* Task requirements: Would you give the listing again exactly, without its images?

* Raw data:
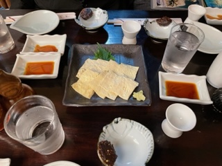 | ワークショップも無事に終わり、主人のゼミ生がフランス人の友人を囲みお礼のディナー。まだまだコロナ禍のため、バイキング形式でマスクを外すのは乾杯の写真だけ。日本の食材もすっかり詳しくなり、お重に並ぶ数々のメニュウも嬉しそう。 | |||||||
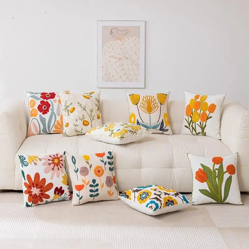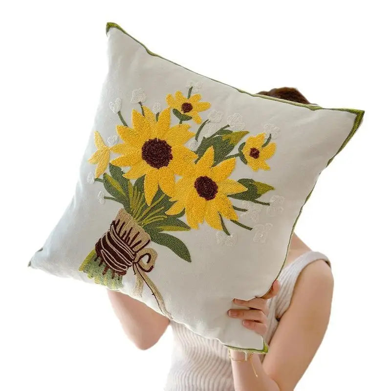Embroidered and tufted cushion covers with florals (sunflowers, daffodils, tulips and more) on off-white fabric. All cushion covers are 18in x 18in or 45cm x 45cm. High-quality cushion covers suitable for the sofa in the living room, bedroom, hall or dining room. Bring some stylish decor into your home. Cool and modern high quality Scandinavian design cushion covers
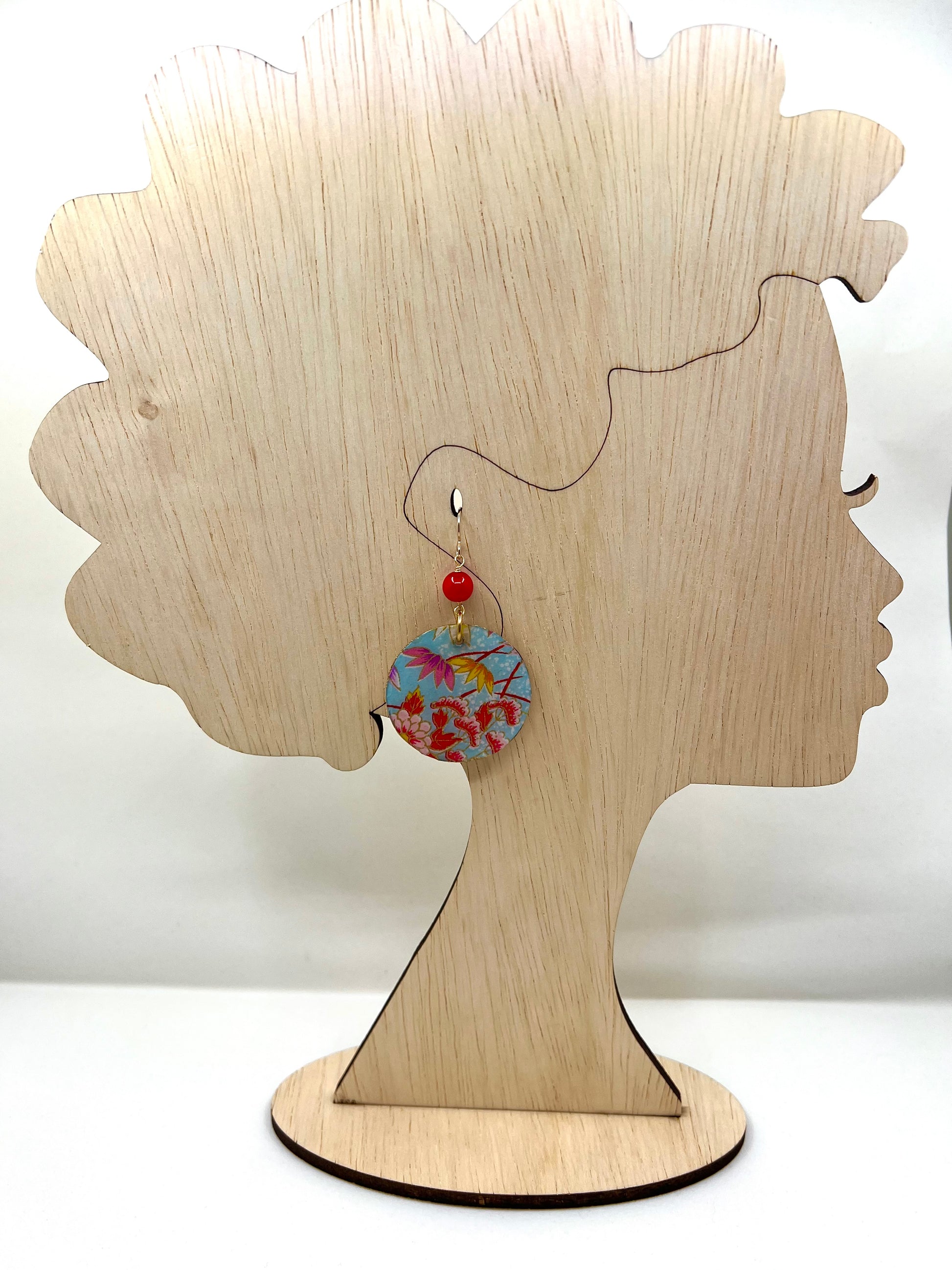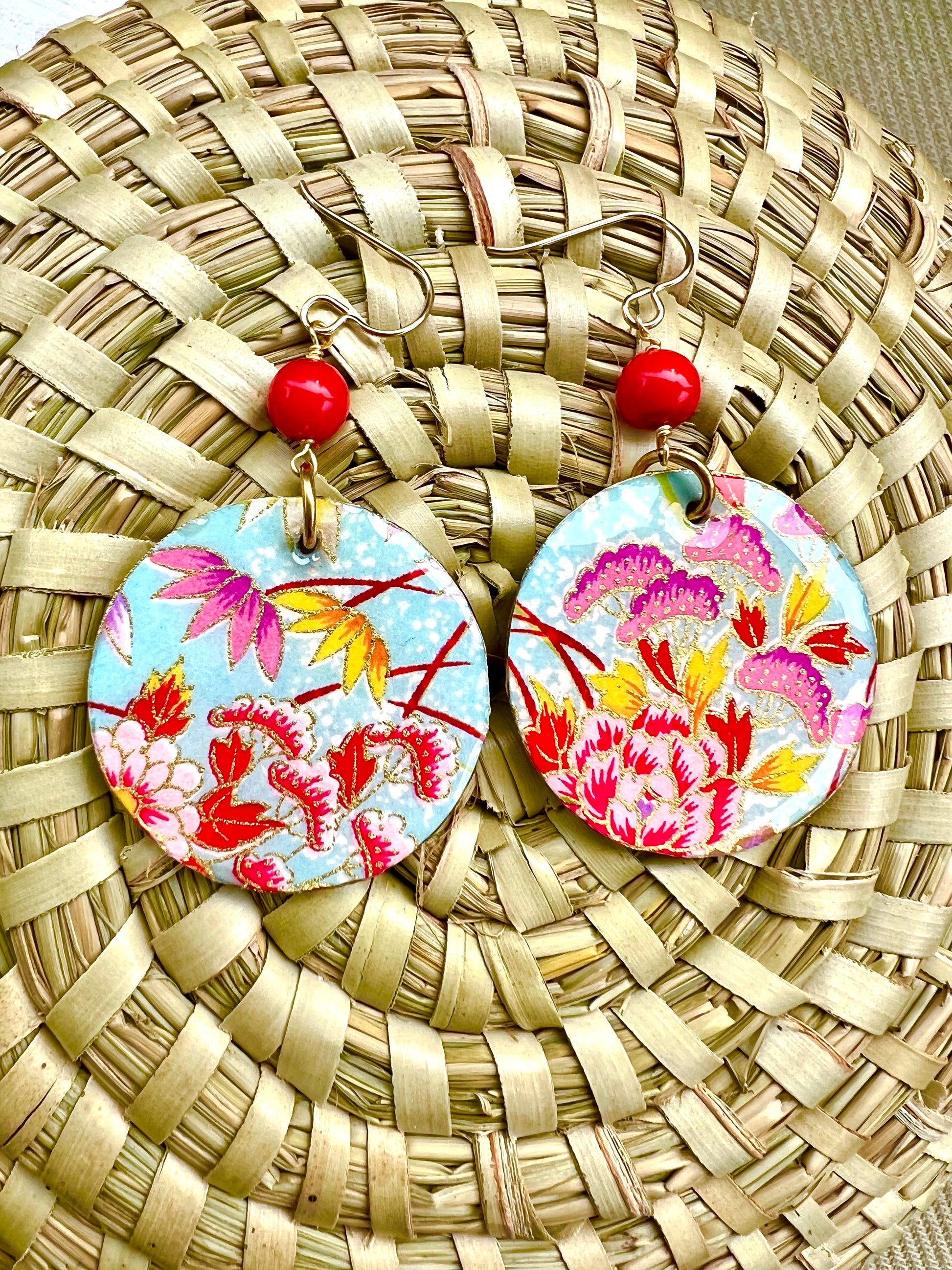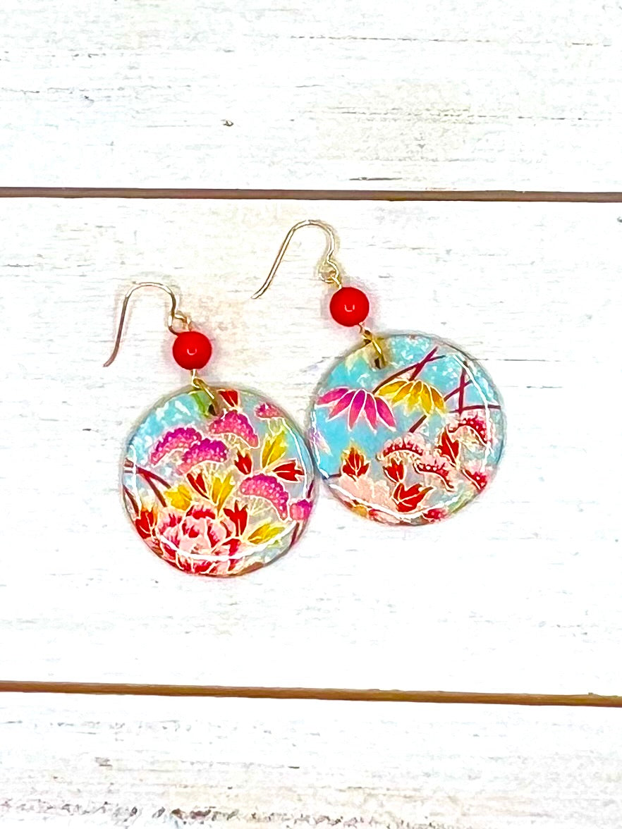 Wooden earrings have been embellished with chiyogami paper - paper that has been individually silk screened by artists in Japan. The paper is then sealed in resin. Earrings dangle from red beads that are attached to gold filled earring wires. The back of the wood earrings have been stained. Earrings drop 2 3/4" in length from ear hole and are 1 1/2" at the widest point. French wire hooks are 14k gold filled.

* Response below:
 | ワークショップも無事に終わり、主人のゼミ生がフランス人の友人を囲みお礼のディナー。まだまだコロナ禍のため、バイキング形式でマスクを外すのは乾杯の写真だけ。日本の食材もすっかり詳しくなり、お重に並ぶ数々のメニュウも嬉しそう。 | |||||||
Embroidered and tufted cushion covers with florals (sunflowers, daffodils, tulips and more) on off-white fabric. All cushion covers are 18in x 18in or 45cm x 45cm. High-quality cushion covers suitable for the sofa in the living room, bedroom, hall or dining room. Bring some stylish decor into your home. Cool and modern high quality Scandinavian design cushion covers
 Wooden earrings have been embellished with chiyogami paper - paper that has been individually silk screened by artists in Japan. The paper is then sealed in resin. Earrings dangle from red beads that are attached to gold filled earring wires. The back of the wood earrings have been stained. Earrings drop 2 3/4" in length from ear hole and are 1 1/2" at the widest point. French wire hooks are 14k gold filled.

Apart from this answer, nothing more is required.